=== Your objective ===
Without including any image, retype the records word for word.
________________________________________
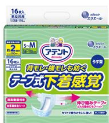
アテント 背モレ・横モレも防ぐ うす型下着感覚テープ式
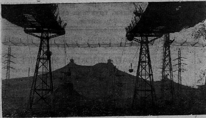
КАНАТНЫЕ ДОРОГИ.

Сорок тонн грубых кормов заготовили и высушили на ределях работники Сланцевского лесопункта в подшефном пятом отделении совхоза «Старопольский».
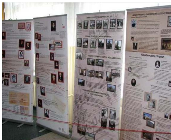
Fot. 4. Wystawa o Fryderyku Chopinie
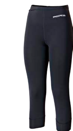
Dynamic ..... WINTA 3Q D S-XL ČERNÁ / BÍLÝ TISK
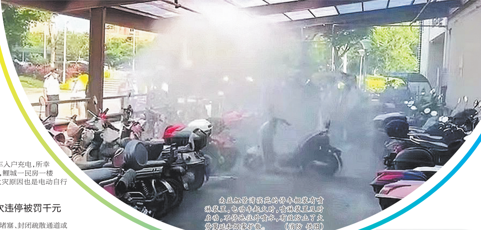
南益鲤景湾滨苑的停车棚架有喷淋装置,电动车起火时,喷淋装置及时启动,不停地往外喷水,有效防止了火势蔓延和烟扩散。
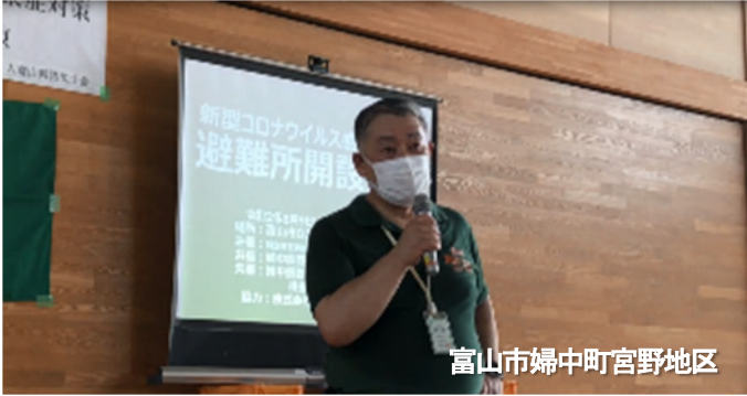
富山市婦中町宮野地区

新型コロナウイルス感染症が流行している状況下では災害時の避難や避難所における感染症対策が急務の課題です。内閣府では、4月1日より「避難所における新型コロナウイルス感染症への対応について」等、逐次、通達等を発令しています。
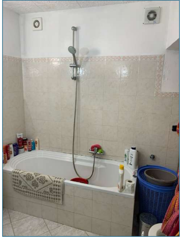
bagno (piano S1)
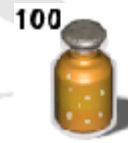
100 フルリカバリー ポーション
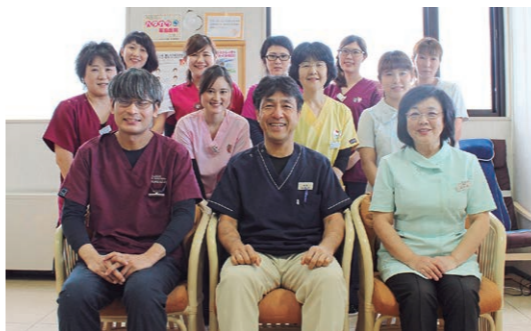
笑顔のすてきなスタッフ一同

17年夏、1996年の開院以来初となる大幅改修工事を実施。LED照明が整備された院内は、より明るく、より衛生的に生まれ変わった。1階トイレは体の不自由な人にもやさしいバリアフリー設計に。2階にもキッズルームが新設された。専用の手術室が設けられ、消毒コーナーを改修。超音波による治療器具の滅菌洗浄機械を導入するなど感染症予防対策を強化した。施設をより機能的に、そして患者さんも、働くスタッフもより快適に」と院長は話している。
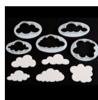
FMM Uitsteker Wolken
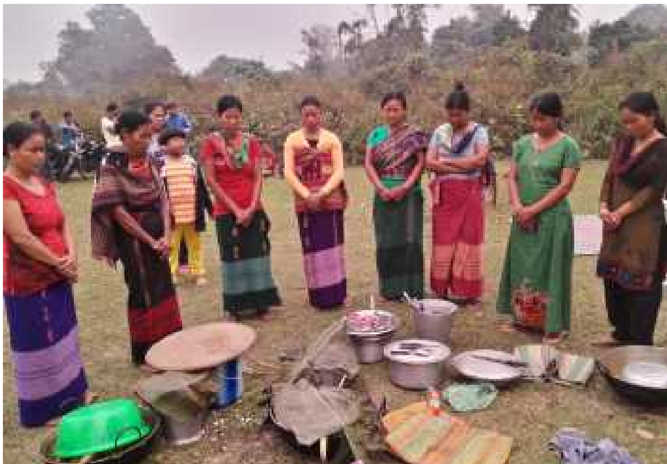
Признание прав общин, обитающих в лесистой местности, включает в себя принятие ответственности за сохранение экологического равновесия.

узурпированных колониальной империей в 19-ом веке, до радикальных движений, возникших в 1990х – увенчалась тем, что Индийский Парламент был вынужден принять Закон о Зарегистрированных Племенах и Других Традиционных Жителях Леса (Признание Прав на Пользование Лесами) в декабре 2016 г. Известное как Закон о Признании Лесохозяйственных Прав (FRA), это исторически важное законодательство восстановило и признало традиционные права лесных общин, которые были похищены в момент консолидации государственных лесов во времена колониального периода, а также в независимой Индии. [1]
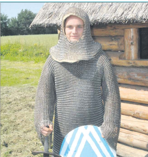
Replika średniowiecznego grodu czeka na gości w Nowym Białyninie
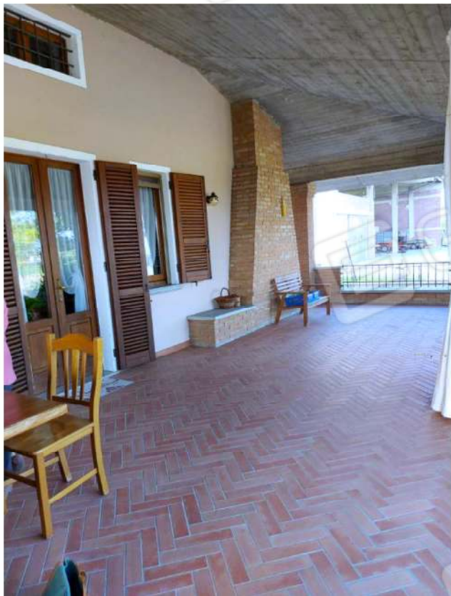
Dettaglio esterno portico piano terra
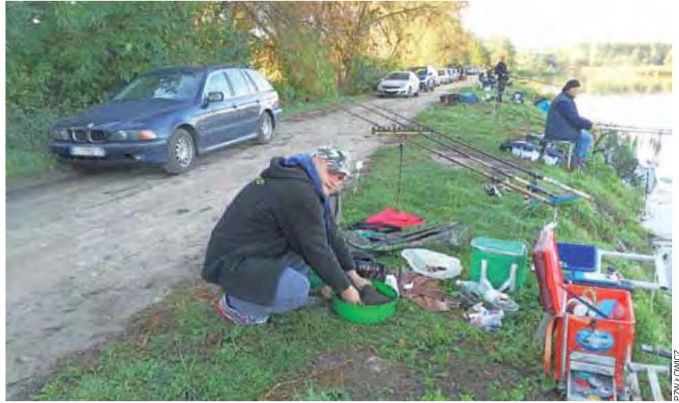
Najpierw zanęcić, a potem wędkować – zdjęcie wykonano podczas przygotowań do wędkowania.

Kolejne zawody organizowane przez koło PZW Łowicz zaplanowano na 21 października. Będą to tym razem zawody spinningowe. Rozegrane zostaną także na zalewie za lasem w Łowiczu. opr. mak
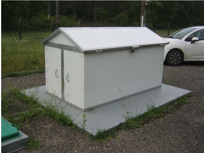
1 - Aménagement extérieur du captage
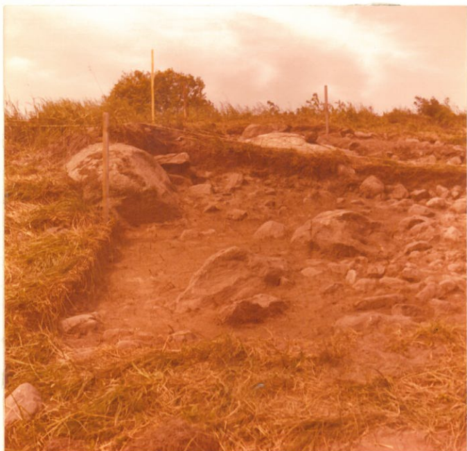
17. Rökkiö, ruudut e-5, f-5 F. 47001 taso 3 kuvattu koillisesta
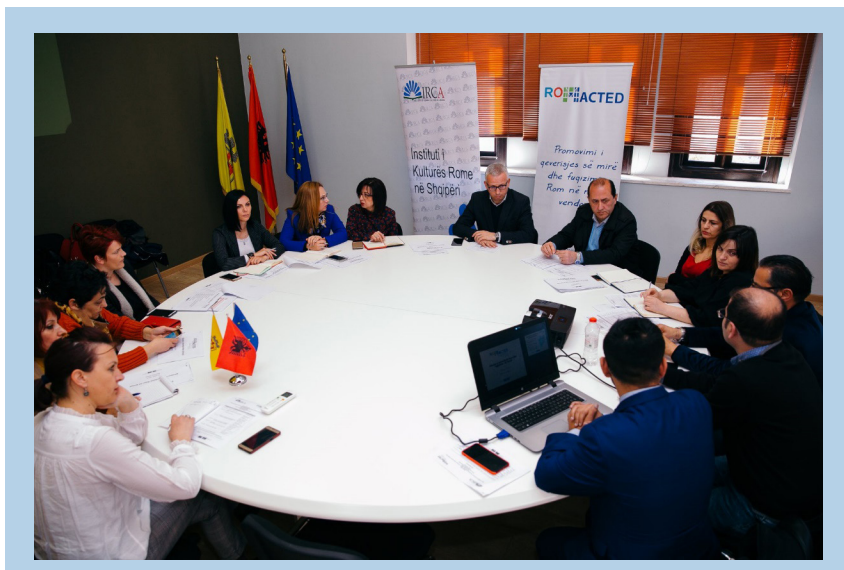
Figura 5. Pamje nga takimi me Grupin Institucional të Punës, Bashkia Korçë

Të dhëna parësore u mblodhën edhe nga Bashkia, veçanërisht në raport me kapacitetet e saj në funksion të planit për integrimin e romëve dhe egjiptianëve, përgjatë takimeve me grupin institucional (Shtojca 9.2).
________________________________________
=== Exercise result ===
アテント 背モレ・横モレも防ぐ うす型下着感覚テープ式
КАНАТНЫЕ ДОРОГИ.

Сорок тонн грубых кормов заготовили и высушили на ределях работники Сланцевского лесопункта в подшефном пятом отделении совхоза «Старопольский».
Fot. 4. Wystawa o Fryderyku Chopinie
Dynamic ..... WINTA 3Q D S-XL ČERNÁ / BÍLÝ TISK
南益鲤景湾滨苑的停车棚架有喷淋装置,电动车起火时,喷淋装置及时启动,不停地往外喷水,有效防止了火势蔓延和烟扩散。
富山市婦中町宮野地区

新型コロナウイルス感染症が流行している状況下では災害時の避難や避難所における感染症対策が急務の課題です。内閣府では、4月1日より「避難所における新型コロナウイルス感染症への対応について」等、逐次、通達等を発令しています。
bagno (piano S1)
100 フルリカバリー ポーション
笑顔のすてきなスタッフ一同

17年夏、1996年の開院以来初となる大幅改修工事を実施。LED照明が整備された院内は、より明るく、より衛生的に生まれ変わった。1階トイレは体の不自由な人にもやさしいバリアフリー設計に。2階にもキッズルームが新設された。専用の手術室が設けられ、消毒コーナーを改修。超音波による治療器具の滅菌洗浄機械を導入するなど感染症予防対策を強化した。施設をより機能的に、そして患者さんも、働くスタッフもより快適に」と院長は話している。
FMM Uitsteker Wolken
Признание прав общин, обитающих в лесистой местности, включает в себя принятие ответственности за сохранение экологического равновесия.

узурпированных колониальной империей в 19-ом веке, до радикальных движений, возникших в 1990х – увенчалась тем, что Индийский Парламент был вынужден принять Закон о Зарегистрированных Племенах и Других Традиционных Жителях Леса (Признание Прав на Пользование Лесами) в декабре 2016 г. Известное как Закон о Признании Лесохозяйственных Прав (FRA), это исторически важное законодательство восстановило и признало традиционные права лесных общин, которые были похищены в момент консолидации государственных лесов во времена колониального периода, а также в независимой Индии. [1]
Replika średniowiecznego grodu czeka na gości w Nowym Białyninie
Dettaglio esterno portico piano terra
Najpierw zanęcić, a potem wędkować – zdjęcie wykonano podczas przygotowań do wędkowania.

Kolejne zawody organizowane przez koło PZW Łowicz zaplanowano na 21 października. Będą to tym razem zawody spinningowe. Rozegrane zostaną także na zalewie za lasem w Łowiczu. opr. mak
1 - Aménagement extérieur du captage
17. Rökkiö, ruudut e-5, f-5 F. 47001 taso 3 kuvattu koillisesta
Figura 5. Pamje nga takimi me Grupin Institucional të Punës, Bashkia Korçë

Të dhëna parësore u mblodhën edhe nga Bashkia, veçanërisht në raport me kapacitetet e saj në funksion të planit për integrimin e romëve dhe egjiptianëve, përgjatë takimeve me grupin institucional (Shtojca 9.2).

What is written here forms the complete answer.